In any event, they report that a rather ill-favored northerner named Bergdahl found employment on the Palace staff soon after Falk’s dramatic arrival at court here. He left when Falk did, and reports from some of the veterans who speak so glowingly of your own actions claim he was Falk’s personal servant. He is not fondly remembered by the staff here. His temper matched his visage, it seems; and he had to be reproved repeatedly for attempting to make free with the female serving-maids. More alarmingly, Fina—of all people—has unearthed whispers from the dock district that he’s suspected of murdering a prostitute who worked the streets there.

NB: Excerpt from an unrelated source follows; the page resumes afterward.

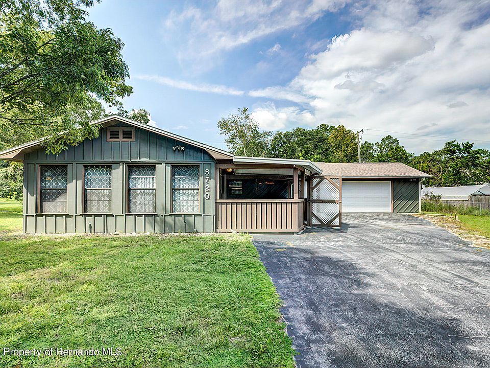Welcome Home! This 2 bedroom, 2 bath home is located on a nice corner lot, in a quiet area and just minutes from shopping! Enter the home through an enclosed front porch into a sitting room, or can be used as an office. The spacious eat in kitchen is across from the living room, which has an Electric Fireplace and sliders that open to two extra rooms! The master bedroom has a walk in closet and a bathroom with a walk in shower. The generous sized second bedroom is on the other side of the house, offering plenty of privacy. The large garage has a washer and dryer and plenty of workbench space. There is also a detached shed in the backyard for storage and lawn equipment. No deed restrictions, plenty of room to park an RV and boat. The roof is one year old, the A/C is one year old. If you're looking for tranquility, this is the perfect home for you!

(It may be that we all have grievously underestimated our Little Serene One. I personally blame her propensity for falling into fits of disconsolate weeping at the drop of a hat, or at that selfsame hat’s neglecting to drop. But I’m probably trying to deflect blame from my own shallowness.)
I find it disquieting to learn that the vile Duke von Hornberg’s mother has appeared on the scene there in La Majestad. We all warn you to guard yourself well against that one. Abigail Thélème’s father in particular has sent warnings against her—both her cunning and what he terms, ‘rumored dark connections.’ As to what that latter bit means, I feel it might be impious, even by my scandalously unobservant standards, to speculate. But I think there’s no question as to what Abi’s father issuing that warning means.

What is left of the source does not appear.